New report on assessment of biodiversity measurement approaches for business and financial institutions

The report Assessment of biodiversity measurement approaches for businesses and financial institutions. Update 2  (Evaluación de enfoques de medición de la biodiversidad para empresas e instituciones financieras. Actualización 2) identifies common ground amongst biodiversity measurement approaches with the final objective to support businesses and FI in selecting an approach that best fits their specific business context

The Report is based on a thorough analysis of 12 biodiversity measurement approaches, technical workshops by the Aligning Biodiversity Measures for Business initiative and feedback from the discussions during the European Business and Nature Summit in Madrid on 7 and 8 November 2019.  The report Annexes are available here.

In light of the growing interest in natural capital accounting (NCA) and a clear demand for methodologies for including biodiversity into NCA, a wide range of initiatives have been launched to develop pragmatic biodiversity metrics for businesses and financial institutions. Faced with multiple approaches and based on requests from its members, the EU Business @ Biodiversity Platform (EU B@B Platform) started a critical and constructive assessment of a sample of biodiversity measurement approaches developed for or by businesses and FIs in 2018.

Report anexes are available here.

 

LIFE methodology, among the main metrics to measure impacts and dependencies

As detailed in the report, “five main metrics are used to quantitatively add impacts and dependencies: average species abundance (MSA), potentially missing fraction (PDF), risk of extinction, index added as the index of impact on biodiversity (used by LIFE Key to calculate the pressure of companies on biodiversity) and monetary value (for example, euros). A sixth option, used by some measurement approaches, is based on qualitative aggregations of evaluations.”

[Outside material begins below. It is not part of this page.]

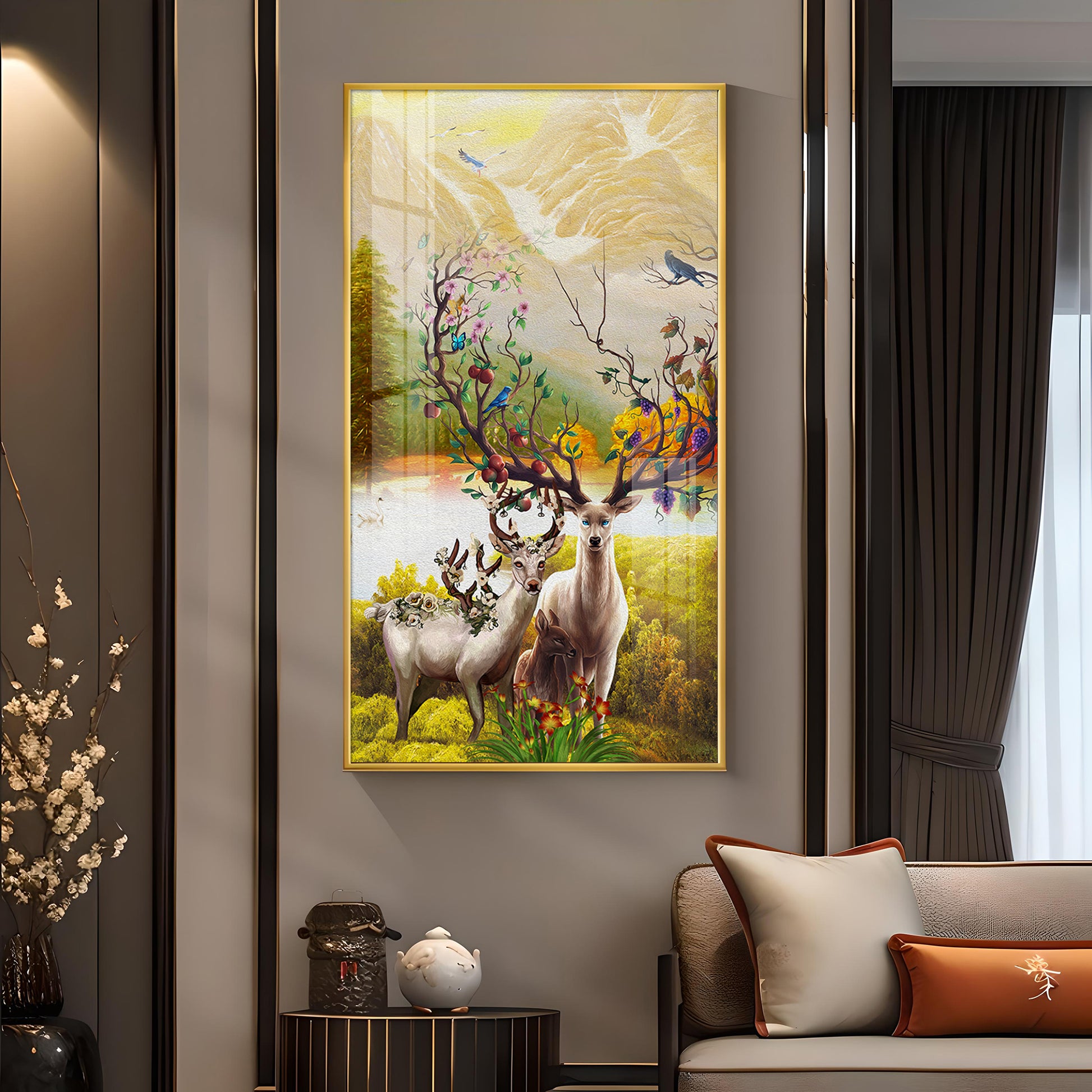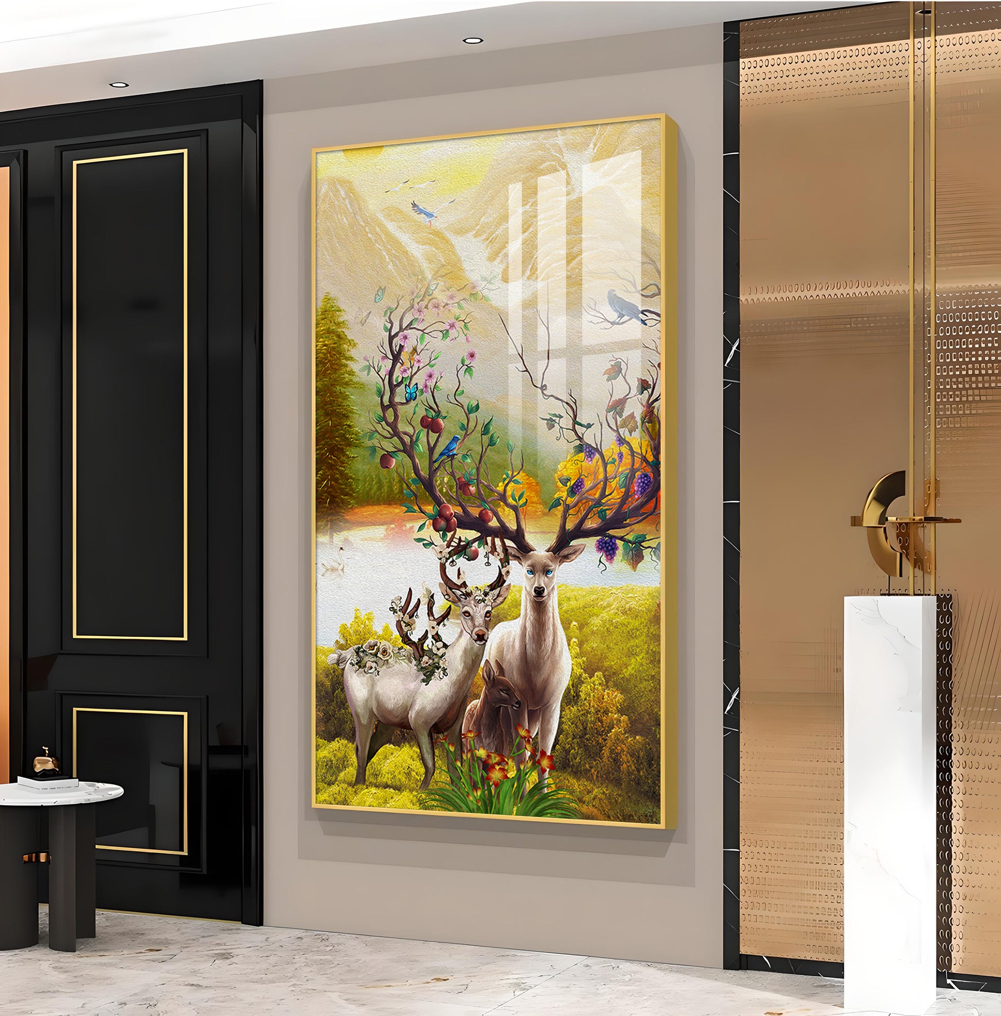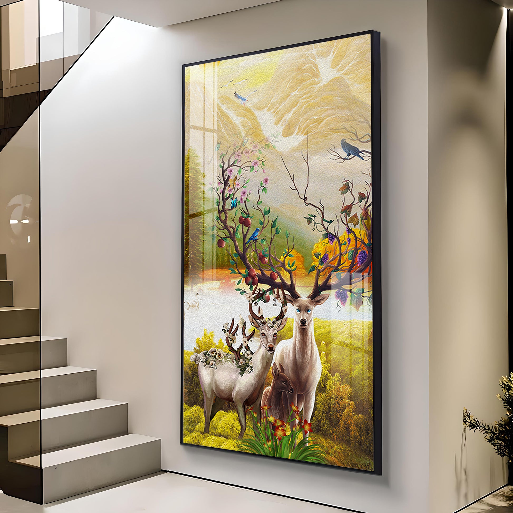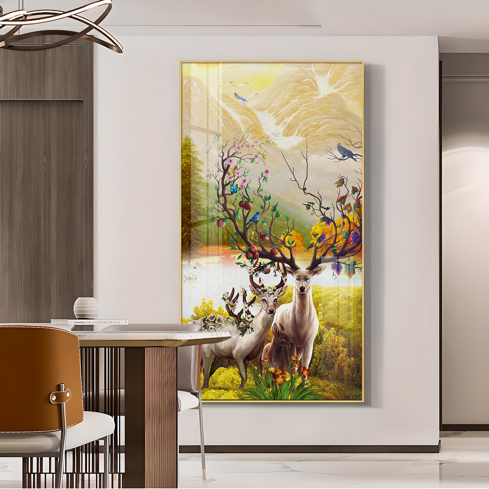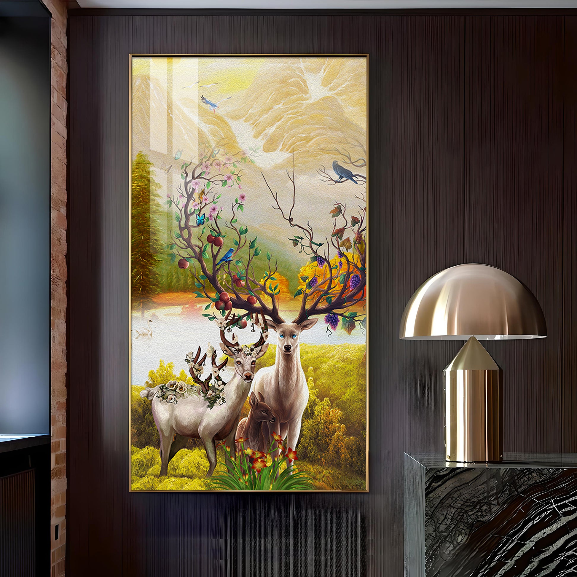 Portrait of Deer and Blossoms Glass Finish Vertical Wall Art

The biodiversity impact index (used by LIFE Key) calculates the pressure of companies on biodiversity, and is among the 12 global initiatives on biodiversity measurement approaches and outreach frameworks evaluated in the report.

LIFE Key is a management tool developed by the Institute LIFE of Brazil that helps organizations in the management, analysis and dissemination of environmental data. It allows the evaluation of implemented conservation actions and provides crucial detailed information for the decision-making process that affects the maintenance and improvement of biodiversity and other services provided by nature.

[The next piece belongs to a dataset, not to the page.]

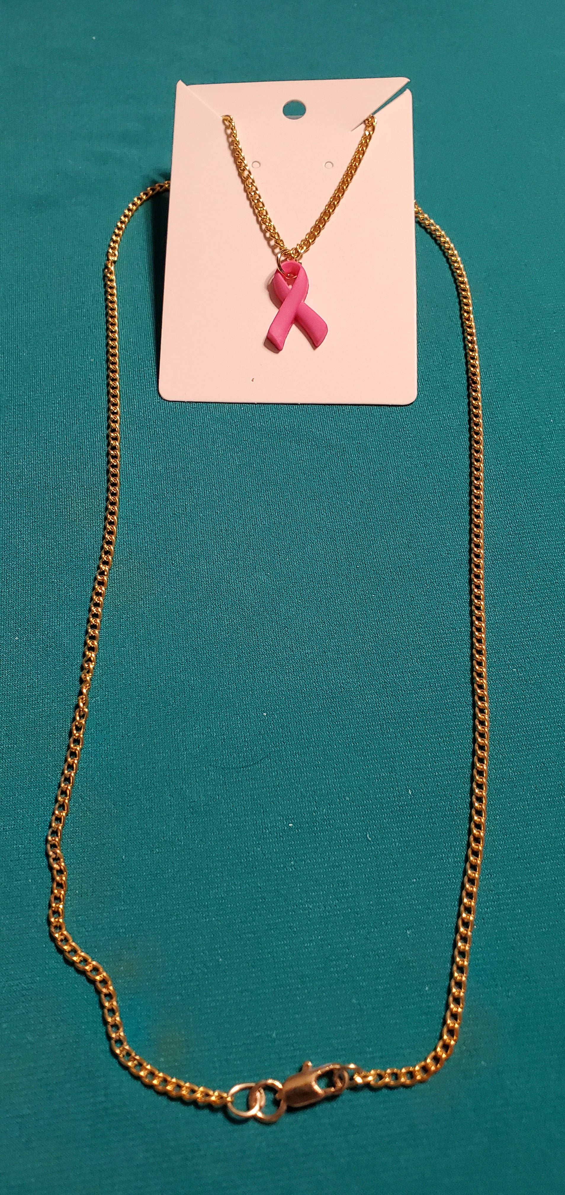 Pink cancer free gold plated earrings. You can get the earrings for $5.00 or the necklace for $5.00 or you can get the set for $10.00.

The LIFE Methodology helps organizations identify their impacts and design a strategic plan to reduce, mitigate and compensate them, including a specific approach to reduce impacts on the supply chain. By using the Biodiversity Impact Index (BII -Índice de Impacto a la Biodiversidad, IIB-), an organization calculates and evaluates its impact based on five environmental aspects taking into account the quantity and severity criteria.

Key outcomes

A key outcome of this year’s update of the assessment report is a classification of measurement approaches according to the type of business applications they can support. This will ultimately result in a decision tree allowing business users to select the most suitable biodiversity tools and metrics for their specific needs and management decisions they wish to inform (Section 3). Important steps forward towards convergence of approaches have been made in the fields of defining boundaries, baselines and reference states (Section 4), collecting data and identifying suitable metrics (Section 5) and finally reporting and disclosure (Section 6).

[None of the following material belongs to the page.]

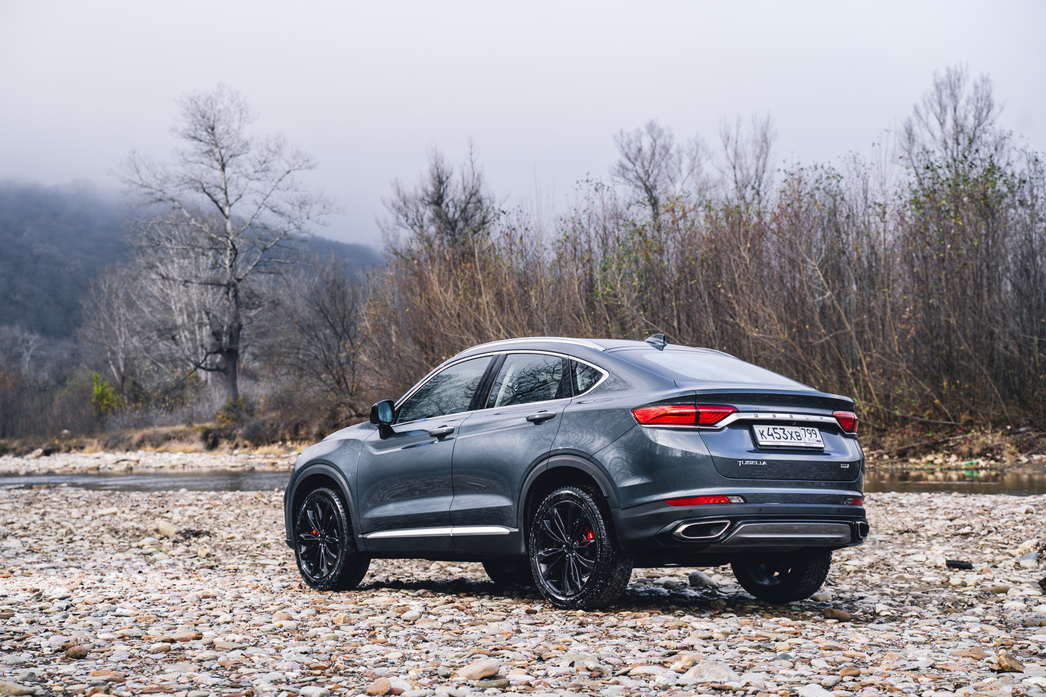 Встречают, как водится, по одежке. А костюмчик китайцу и правда к лицу — он прямо-таки на стиле. Внешний облик автомобиля получился одновременно дерзким и элегантным, агрессивным и ярким, атлетичным и галантным. А главное — типично европейским и с намеком на свежеиспеченные кричащие тренды. Да, поджарый силуэт, черные элементы декора и дизайнерские 20-дюймовые «катки» действительно подчеркивают спортивный нрав кросс-купе. А в чем же премиальность этого фитнес-мобиля? Давайте попробуем выяснить, заглянув в салон.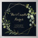 Este sinal de vela azul verde dourado geométrico é perfeito para um casamento simples. O design apresenta belas folhas verdes pintadas à mão em um fundo azul escuro, adornando uma moldura geométrica dourada.

The 2019 report is a partnership with the Aligning Biodiversity Measures for Business initiative – led by the UN Environment Programme World Conservation Monitoring Centre (UNEP-WCMC) with support from the Boticario Group Foundation.

The Update 1 Report is available here.

So far, only measurement approaches have been assessed. In 2020 the Update 3 Report will for the first time include an assessment of case studies resulting from these biodiversity measurement approaches.